SUZHOU, China – An American fugitive accused of raping his daughter and posting videos of the abuse on the Internet lived openly in China, even enjoying visits from his new wife and registering at a local fitness club under his own name.
U.S. court documents show that Kenneth John Freeman's wife, Maleka May, visited him in China more than once during his time as a fugitive. May, who reportedly married him nine months before he was charged and is believed to have posted the bail that allowed him to flee, was detained in San Francisco on Thursday as she got off a plane from China.
Information provided Saturday by the Powerhouse Gym also provided some clues about the months Freeman lived in the eastern Chinese city of Suzhou.
Freeman, one of America's 15 most wanted men, was captured Tuesday after more than a year on the run while trying to enter Hong Kong from China using his own passport.
Staff at the Powerhouse Gym in Suzhou recognized Freeman immediately from his photo posted on the Department of Justice Web site. Gym computer records showed he registered under the name John Freeman and listed a Suzhou mobile phone number as a contact. Calls to the telephone number were answered by a recorded message that said the phone was turned off.
Gym patrons said Freeman worked out almost every day and seemed friendly. One man said the fugitive had something of the air of a celebrity about him.
"He was the biggest guy in there. We figured he was some famous bodybuilder who had come to China to work," said Tom Stern of Berkeley, Calif., a gym regular in the city to study Chinese.
Freeman had been living in Seattle when he fled the United States last year, months after his 17-year-old daughter told her mother he had assaulted her four years earlier. Video of the abuse is among the most widely downloaded child pornography videos in recent years.
Freeman, who scuffled with the four Hong Kong police officers who tried to detain him, has been charged in Washington state with three counts of rape of a child and jumping bail. He faces a maximum sentence of life in prison if convicted. He also faces federal charges of producing and distributing child pornography.
Police in Hong Kong said Freeman, 44, worked as a computer specialist at an American-based company in the Suzhou, a high-tech manufacturing hub about a two-hour drive from Shanghai.
Stern and other gym members said Freeman would arrive at the gym dressed casually but neatly and carrying a briefcase and mobile phone. They described him as serious about working out, saying he often partnered another American man whose identity wasn't immediately known.
"He looked really clean cut, like a successful businessman," Stern said, adding that Freeman seemed to enjoy joking around with the female attendants at the club.
A restaurant hostess who worked in the same building as the gym said she saw Freeman arrive virtually every evening, usually at about 5:30 p.m. and that he was sometimes accompanied by up to three other men.
"He didn't seem like a bad person," said the woman, who gave her English name as Selina.

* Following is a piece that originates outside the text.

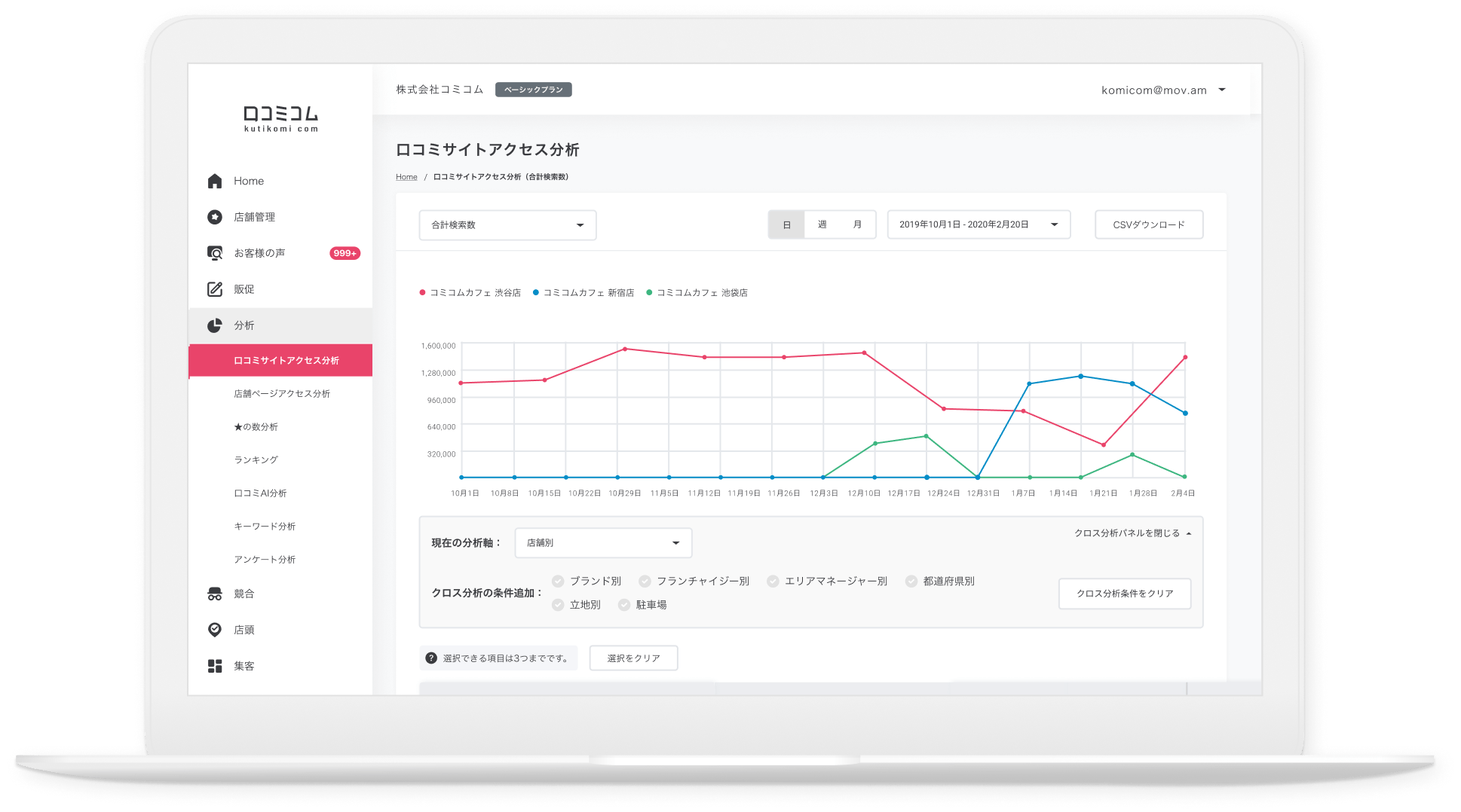 口コミコムは、Googleマップをはじめとした地図アプリや口コミサイトでの店舗情報を整理し一括更新できると同時に、口コミをAI解析して店舗の問題点を把握し業務改善に活かすことができる、お客様の声を業務改善に繋げられるDXサービスです。

Stern and others said they did not recall having seen Freeman at any of the bars and restaurants where most foreigners gathered.
May, 37, who married Freeman in Las Vegas about nine months before he was charged, was responsible for posting the $50,000 bond that gave him the opportunity to flee, according to the Seattle Post Intelligencer.
She was arrested Thursday for making false statements to federal agents, the Department of Justice's northern California office said.
Reports said Chinese police knew Freeman was in the city and had tipped Hong Kong authorities off to his trip to the autonomous Chinese region, which unlike mainland China has an extradition treaty with the U.S.
On Friday, Freeman, who had been a volunteer reserve sheriff's deputy and a security guard at the Hanford Nuclear Reservation, said he wanted to contest the expected U.S. extradition request, according to his lawyer, Stephen Ma.
The case has been adjourned until July 3 to give the U.S. time to prepare a formal request.
Chinese media have not reported on Freeman's case, although some expatriates living in the city said they had read about Freeman's arrest on the Internet.